55. Which data structure is used for implementing a FIFO branch and bound strategy?
a) stack
b) queue
c) array
d) linked list
Answer: b
Explanation: Queue is the data structure is used for implementing FIFO branch and bound strategy. This leads to breadth first search as every branch at depth is explored first before moving to the nodes at greater depth.


56. Which data structure is most suitable for implementing best first branch and bound strategy?
a) stack
b) queue
c) priority queue
d) linked list
Answer: c
Explanation: Priority Queue is the data structure is used for implementing best first branch and bound strategy. Dijkstra’s algorithm is an example of best first search algorithm.

57. Which of the following branch and bound strategy leads to breadth first search?
a) LIFO branch and bound
b) FIFO branch and bound
c) Lowest cost branch and bound
d) Highest cost branch and bound
Answer: b
Explanation: LIFO, FIFO and Lowest cost branch and bound are different strategies to generate branches. FIFO branch and bound leads to breadth first search.

58. Which of the following branch and bound strategy leads to depth first search?
a) LIFO branch and bound
b) FIFO branch and bound
c) Lowest cost branch and bound
d) Highest cost branch and bound
Answer: a
Explanation: LIFO, FIFO and Lowest cost branch and bound are different strategies to generate branches. LIFO branch and bound leads to depth first search.

59. Both FIFO branch and bound strategy and backtracking leads to depth first search.
a) true
b) false
Answer: b
Explanation: FIFO branch and bound leads to breadth first search. Whereas backtracking leads to depth first search.

60. Both LIFO branch and bound strategy and backtracking leads to depth first search.
a) true
b) false
Answer: a
Explanation: Both backtrackings as well as branch and bound are problem solving algorithms. Both LIFO branch and bound strategy and backtracking leads to depth first search.


61. Choose the correct statement from the following.
a) branch and bound is more efficient than backtracking
b) branch and bound is not suitable where a greedy algorithm is not applicable
c) branch and bound divides a problem into at least 2 new restricted sub problems
d) backtracking divides a problem into at least 2 new restricted sub problems
Answer: c
Explanation: Both backtracking as well as branch and bound are problem solving algorithms. Branch and bound is less efficient than backtracking.

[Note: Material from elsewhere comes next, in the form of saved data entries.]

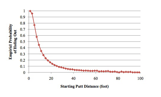 I built a putting baseline curve out of the data in Every Shot counts. It's not perfect, but well in the ballpark, I think. Similar to the one below. The number I stated isn't the best putters' performance, but the long-term tour average at (not inside) that distance. Make % climbs up steeply from ~ 75% each foot closer to the hole.
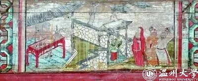 值得一提的是,温州古戏台大多修建在祠堂或庙宇院落之内,往往是“一村一庙一戏台”。因此,古戏台上的彩绘内容与百姓生活息息相关,除了戏曲题材,还囊括“耕织”“渔樵”“对弈”等人们喜闻乐见的主题,生动展现出百姓日常的劳作和娱乐场景。当然,这些世俗场景的描绘同样借鉴了戏画的造型与风格,强调以戏剧化的视觉语言构建雅俗共赏的艺术图景。
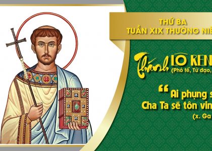 Xem chi tiết.....Thứ Ba Tuần XIX Thường Niên THÁNH LÔ-REN-XÔ, PHÓ TẾ, TỬ ĐẠO, lễ kính 2Cr 9,6-10; Ga 12,24-26 Như hạt lúa mì Thánh LAURENSÔ PHÓ TẾ, TỬ ĐẠO (+258)...
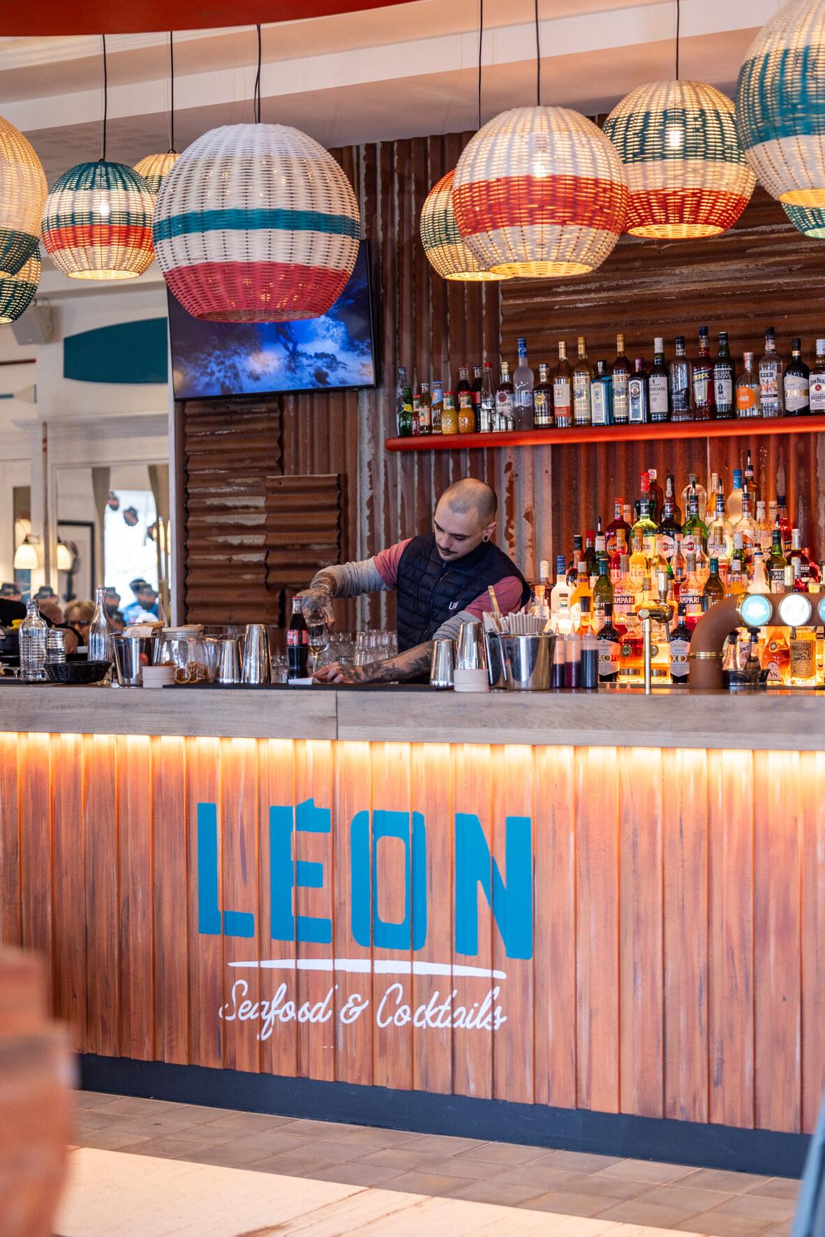 Vous souhaitez découvrir notre univers côtier, inspiré des bars de mer ? Rendez-vous chez Léon. Vous y trouverez une atmosphère détendue qui évoque instantanément la plage et l'esprit des vacances ainsi que de beaux espaces extérieurs pour profiter entre amis ou en famille. Léon vous transporte ainsi en bord de mer, sans quitter votre ville.

Branch and bound divides a problem into at least 2 new restricted sub problems.

62. Which of the following can traverse the state space tree only in DFS manner?
a) branch and bound
b) dynamic programming
c) greedy algorithm
d) backtracking
Answer: d
Explanation: Both backtracking as well as branch and bound are problem solving algorithms. Branch and bound can traverse in DFS as well as BFS manner whereas backtracking only traverses in DFS manner.

Module 6

1. What is a Rabin and Karp Algorithm?
a) String Matching Algorithm
b) Shortest Path Algorithm
c) Minimum spanning tree Algorithm
d) Approximation Algorithm
Answer: a
Explanation: The string matching algorithm which was proposed by Rabin and Karp, generalizes to other algorithms and for two-dimensional pattern matching problems.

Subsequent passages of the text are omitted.